Mrs. Madden, having given birth to six daughters, had fulfilled her function in this wonderful world; for two years she had been resting in the old churchyard that looks upon the Severn sea. Father and daughter sighed as they recalled her memory. A sweet, calm, unpretending woman; admirable in the domesticities; in speech and thought distinguished by a native refinement, which in the most fastidious eyes would have established her claim to the title of lady. She had known but little repose, and secret anxieties told upon her countenance long before the final collapse of health.

‘And yet,’ pursued the doctor–doctor only by courtesy–when he had stooped to pluck and examine a flower, ‘I made a point of never discussing these matters with her. As no doubt you guess, life has been rather an uphill journey with us. But the home must be guarded against sordid cares to the last possible moment; nothing upsets me more than the sight of those poor homes where wife and children are obliged to talk from morning to night of how the sorry earnings shall be laid out. No, no; women, old or young, should never have to think about money.

The magnificent summer sunshine, and the western breeze that tasted of ocean, heightened his natural cheeriness. Dr. Madden fell into a familiar strain of prescience.

‘There will come a day, Alice, when neither man nor woman is troubled with such sordid care. Not yet awhile; no, no; but the day will come. Human beings are not destined to struggle for ever like beasts of prey. Give them time; let civilization grow.

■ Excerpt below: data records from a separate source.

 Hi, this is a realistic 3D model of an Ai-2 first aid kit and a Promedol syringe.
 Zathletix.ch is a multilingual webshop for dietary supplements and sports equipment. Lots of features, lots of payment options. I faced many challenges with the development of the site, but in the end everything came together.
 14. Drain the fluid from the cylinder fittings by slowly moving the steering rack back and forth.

You know what our poet says: “There the common sense of most shall hold a fretful realm in awe–”’

He quoted the couplet with a subdued fervour which characterized the man and explained his worldly lot. Elkanah Madden should never have entered the medical profession; mere humanitarianism had prompted the choice in his dreamy youth; he became an empiric, nothing more. ‘Our poet,’ said the doctor; Clevedon was chiefly interesting to him for its literary associations. Tennyson he worshipped; he never passed Coleridge’s cottage without bowing in spirit. From the contact of coarse actualities his nature shrank.

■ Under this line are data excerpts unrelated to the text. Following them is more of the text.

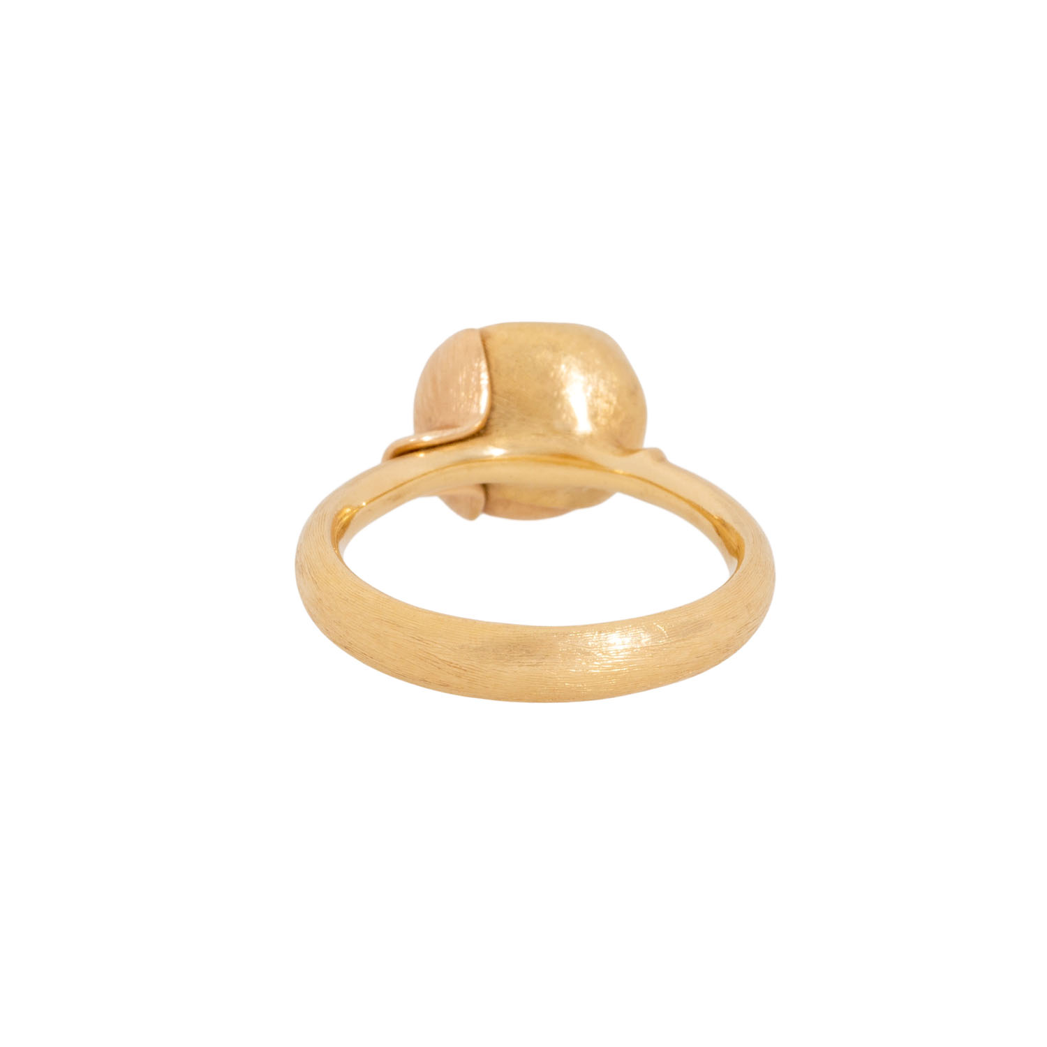 runder Cabochon, D: ca. 9 mm, RG/GG 18K, 7,2 g, RW: 53, 21. Jh., minimale Tragespuren.
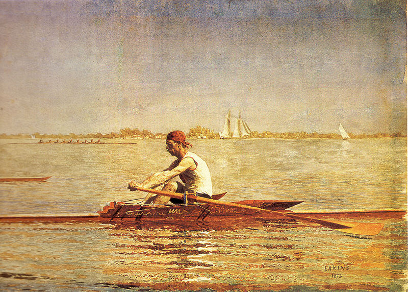 Eakins’ 1873 watercolor painting titled "John Biglin in a Single Scull" is a depiction of one of New York’s famous professional rowers as he races on the Schuylkill River in Philadelphia. It serves as an example of the sort of outdoor activity that was growing in popularity near the turn of the twentieth century as medical opinion increasingly encouraged exercise.
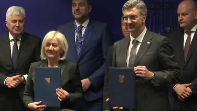 Sporazum su u Dubrovniku danas potpisali predsjedateljica Vijeća ministara BiH Borjana Krišto i premijer Republike Hrvatske Andrej Plenković u nazočnosti američkog ministra energetike Chrisa Wrighta

When he and Alice returned from their walk it was the hour of family tea. A guest was present this afternoon; the eight persons who sat down to table were as many as the little parlour could comfortably contain. Of the sisters, next in age to Alice came Virginia, a pretty but delicate girl of seventeen. Gertrude, Martha, and Isabel, ranging from fourteen to ten, had no physical charm but that of youthfulness; Isabel surpassed her eldest sister in downright plainness of feature. The youngest, Monica, was a bonny little maiden only just five years old, dark and bright-eyed.